Information shown:
────────

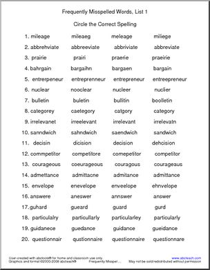 Content / Middle School/Junior High / Writing / Frequently Misspelled Words
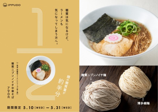 株式会社力の源ホールディングス傘下の株式会社力の源カンパニーは、日本国内の「一風堂」21店で、2017年5月10日(水)から3週間、昔なつかしい“中華そば”の味わいを低糖質で楽しめる「糖質ニブンノイチ中華そば」を発売する。
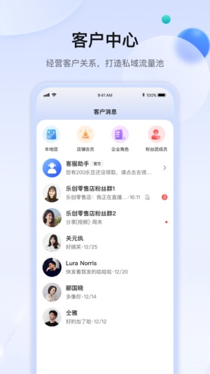 乐创商家版是一款店铺运营软件,一站式快速的高效的商家店铺管理,专业的客户中心,经营客户关系,打造私域流量池,一键快速的店铺中心,便捷店铺管理,无门槛带货直播,专业的营销中心,商家专属方案,一站式精致经营,店铺中心一站式管理,非常好用。

────────

About this task:
A word-for-word reprint of the listing above is needed, minus the pictures.

The completed task:
 Content / Middle School/Junior High / Writing / Frequently Misspelled Words
 株式会社力の源ホールディングス傘下の株式会社力の源カンパニーは、日本国内の「一風堂」21店で、2017年5月10日(水)から3週間、昔なつかしい“中華そば”の味わいを低糖質で楽しめる「糖質ニブンノイチ中華そば」を発売する。
 乐创商家版是一款店铺运营软件,一站式快速的高效的商家店铺管理,专业的客户中心,经营客户关系,打造私域流量池,一键快速的店铺中心,便捷店铺管理,无门槛带货直播,专业的营销中心,商家专属方案,一站式精致经营,店铺中心一站式管理,非常好用。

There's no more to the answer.